Diagnostic approach to Helicobacter pylori-related gastric oncogenesis
Helicobacter pylori (H. pylori) is a causative agent of peptic ulcer disease and plays an important role in the development of various other upper and lower gastrointestinal tract and systemic diseases; in addition to carcinogenesis and the development of mucosa-associated lymphoid tissue lymphoma, extragastric manifestations of H. pylori are increasingly being unraveled. Therefore, prompt and accurate diagnosis is essential. Within this narrative review we present an overview of the current trend in the diagnosis of H. pylori infection and its potential oncogenic sequelae, including gastric mucosa atrophy, intestinal metaplasia, dysplasia and gastric cancer. Signs of H. pylori-related gastric cancer risk can be assessed by endoscopy using the Kyoto classification score.
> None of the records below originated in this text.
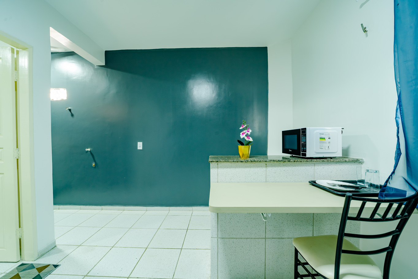 - Cozinha compacta com microondas, pratos, copos e talheres. Não disponibilizamos óleo e sal
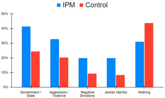 We wanted to determine if participants’ considerations for changing or maintaining existing attitudes and beliefs were affected by the IPM-based intervention. Since there were more responses from the IPM condition, we first controlled for response count by dummy coding each theme, where participants were given a “1” if the theme was present in any of their responses, and a “0” if the theme was not present in any of their responses. We then conducted chi-square tests to determine whether the prevalence of themes differed between experimental conditions. Participants in the IPM condition more often referenced the themes of Government/Statehood, Jewish Identity, Aggression/Violence, and Negative Emotions than participants in the control group (see Table S3) (For an additional method of measuring the effects of the IPM-based intervention on participant decisional balance, where participant responses are measured by the number of coded themes in each response out of their total amount of thematic codes, see Table S4. Results from this additional method were largely similar to those reported here). The only theme that was more prevalent among control group participants was responses that conveyed participants not having any considerations for changing and/or maintaining their current attitudes and beliefs (e.g., “Nothing”). In most of these cases, there were no statistically significant thematic differences across reasons for changing or maintaining existing attitudes and beliefs, except for two cases: Jewish Identity was more likely to be mentioned in the IPM condition as a reason to maintain existing attitudes and beliefs (χ2 = 5.22, df = 1, p = 0.035); and the Government/Statehood theme was both more prevalent in participant responses in the IPM condition (χ2 = 6.29, df = 1, p = 0.017), as well as more often mentioned as a reason to maintain existing attitudes and beliefs (χ2 = 10.07, df = 1, p = 0.002; See Figure 2; for thematic examples of responses for changing or maintaining beliefs, see Table S5).
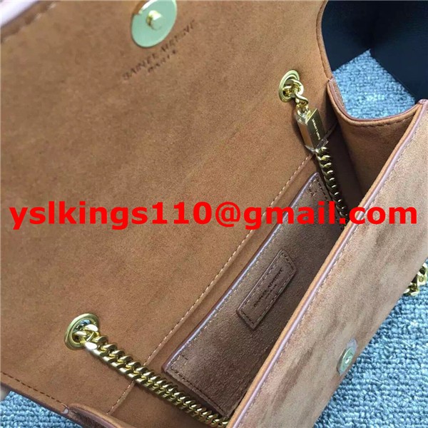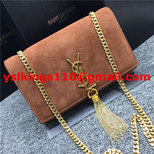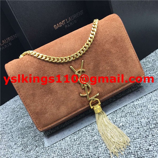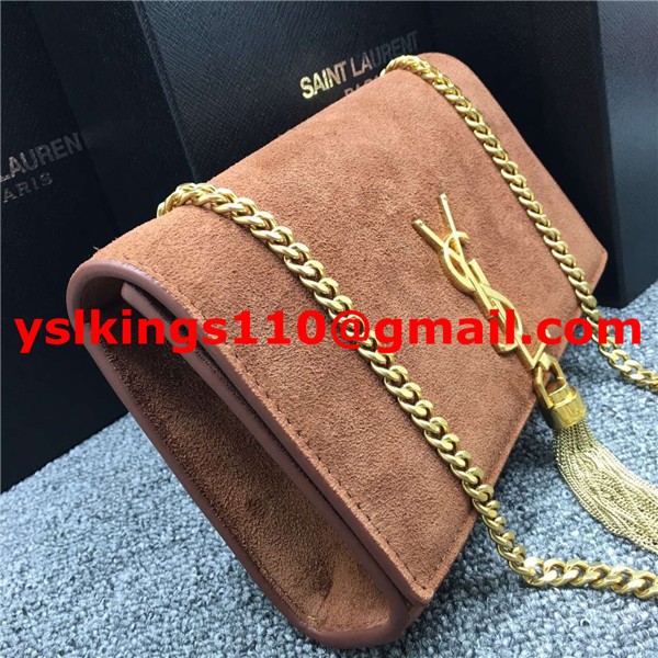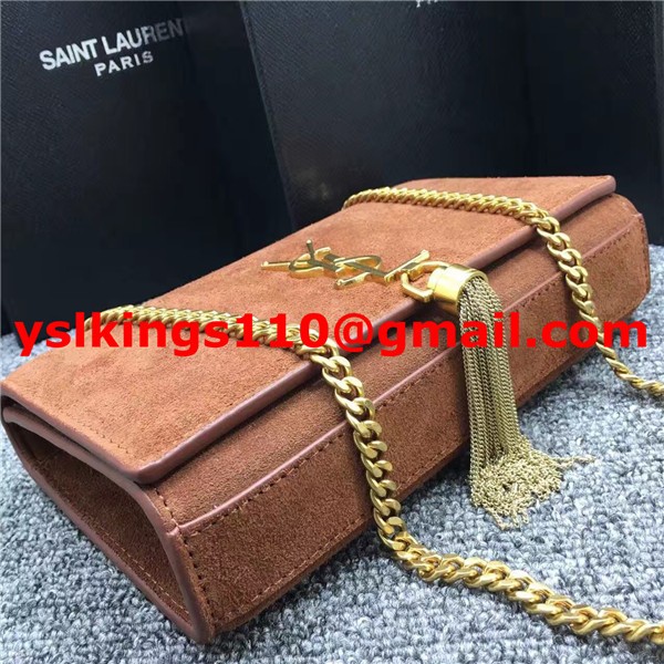 YSL Tassel Chain Bag 22cm Suede Leather Brown
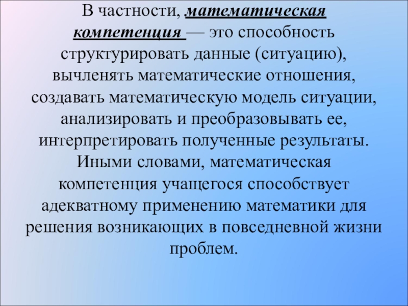 Слайд 16В частности, математическая компетенция — это способность структурировать данные (ситуацию), вычленять
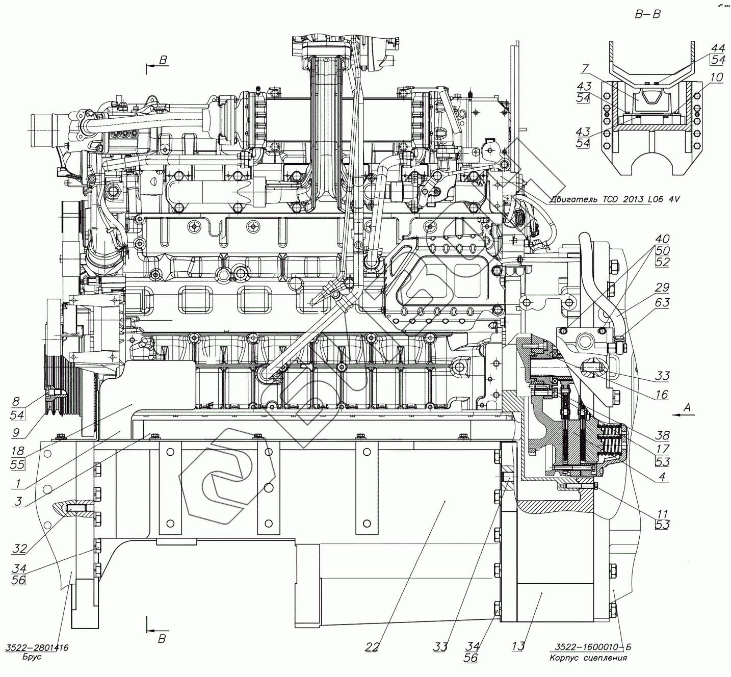 Графический каталог запасных частей к технике: МТЗ БЕЛАРУС 3522.5. Установка двигателя

New technology, such as optical or digital chromoendoscopy, improves diagnostic accuracy and provides information regarding H. pylori-related gastric preneoplastic and malignant lesions. In addition, a rapid urease test or histological examination should be performed, as these offer a high diagnostic sensitivity; both are also useful for the diagnosis of sequelae including gastric and colon neoplasms. Culture is necessary for resistance testing and detecting H. pylori-related gastric dysbiosis involved in gastric oncogenesis. Likewise, molecular methods can be utilized for resistance testing and detecting H. pylori-related gastric cancer development and progression. Noninvasive tests, such as the urea breath and stool antigen tests, can also be implemented; these are also suitable for monitoring eradication success and possibly for detecting H. pylori-related gastric malignancy. Serological tests may help to exclude infection in specific populations and detect gastric and colon cancers. Finally, there are emerging potential diagnostic biomarkers for H. pylori-related gastric cancer.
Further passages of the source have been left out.